● **What this task involves**
Reproduce the listing below exactly, minus its pictures.

● **Provided material**
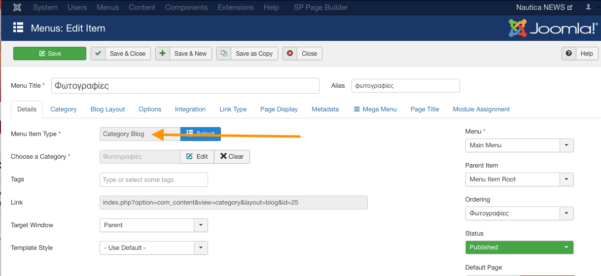 Now, when you click any article that belongs to 'Φωτογραφίες' category like 'Θαλάσσιος κόσμος', it will work well.
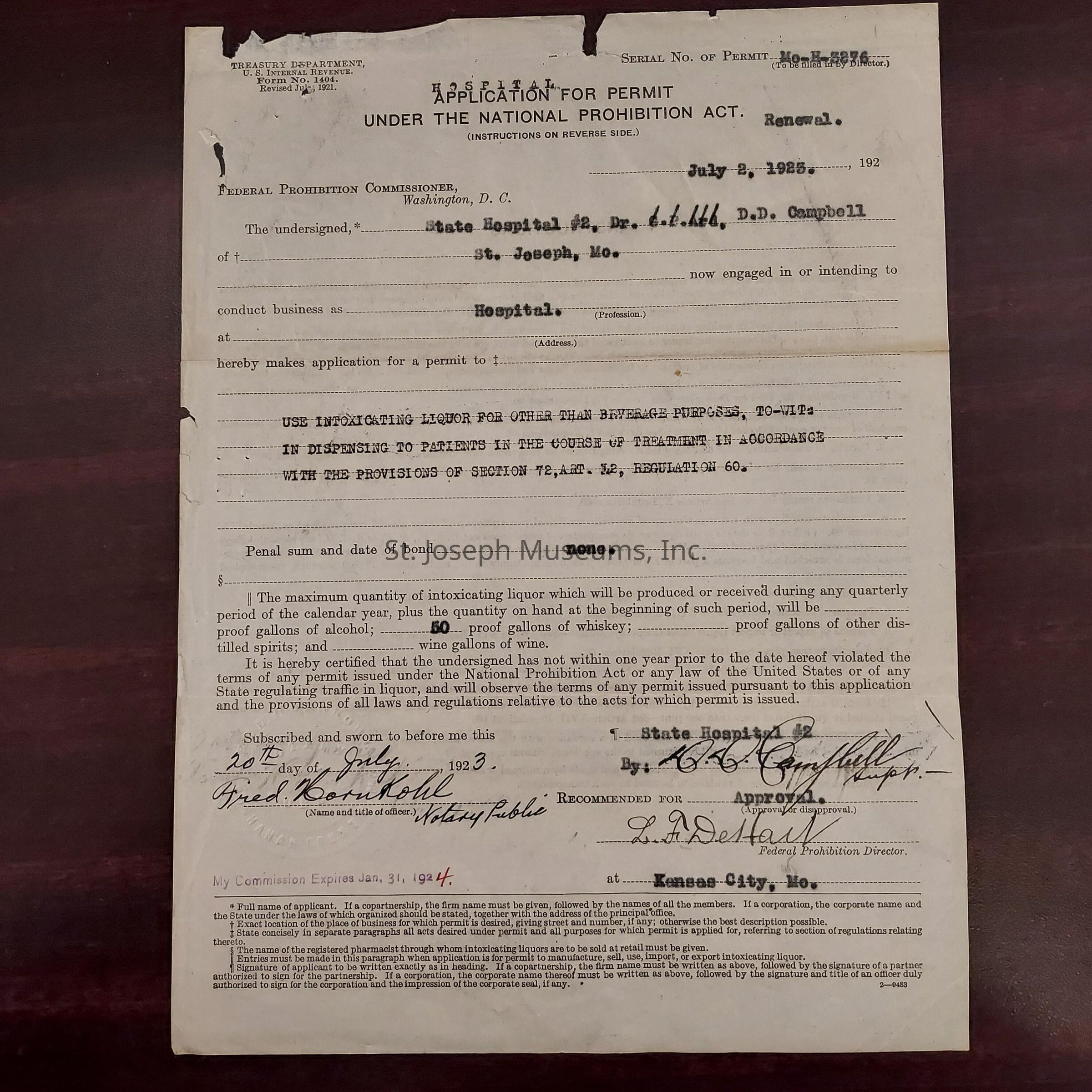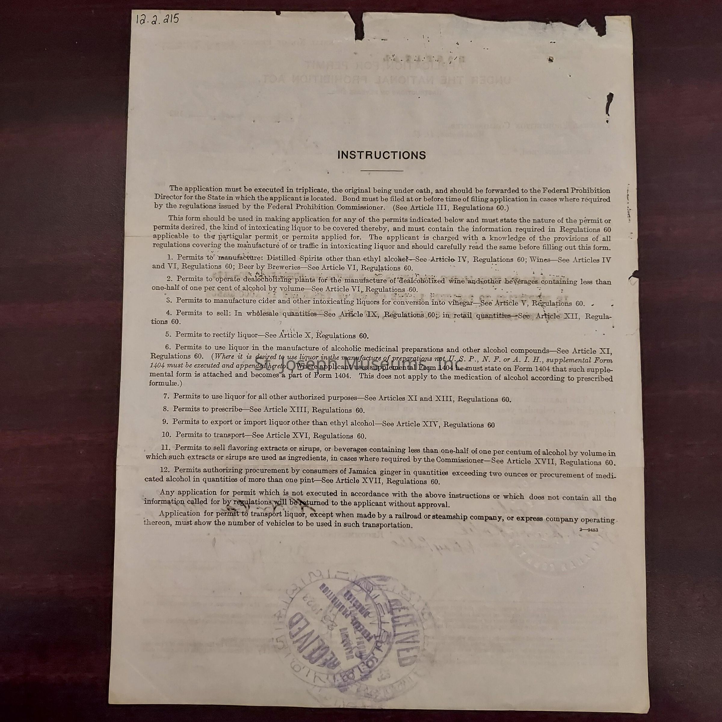 Application for a Permit to Use Intoxicating Liquors for Other Than Beverage Purposes
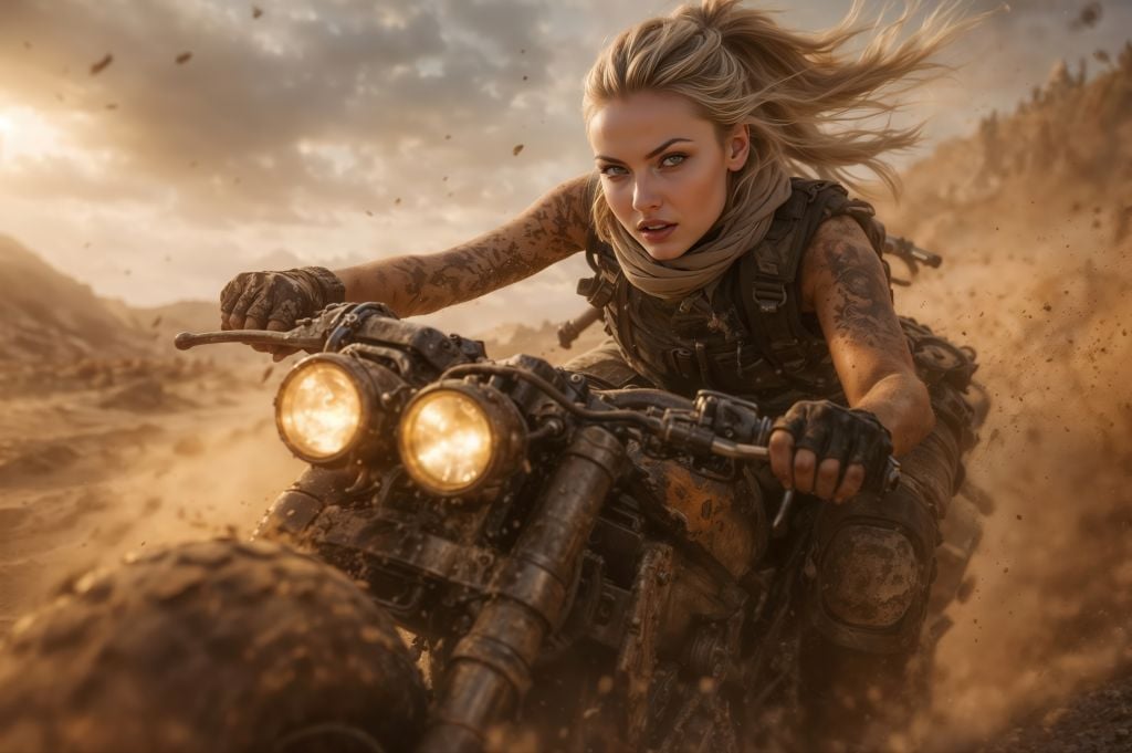 - Cinematic grit: battle-worn metal, dust-stained skin, that “one last run before sundown” atmosphere

● **Solution**
 Now, when you click any article that belongs to 'Φωτογραφίες' category like 'Θαλάσσιος κόσμος', it will work well.
 Application for a Permit to Use Intoxicating Liquors for Other Than Beverage Purposes
 - Cinematic grit: battle-worn metal, dust-stained skin, that “one last run before sundown” atmosphere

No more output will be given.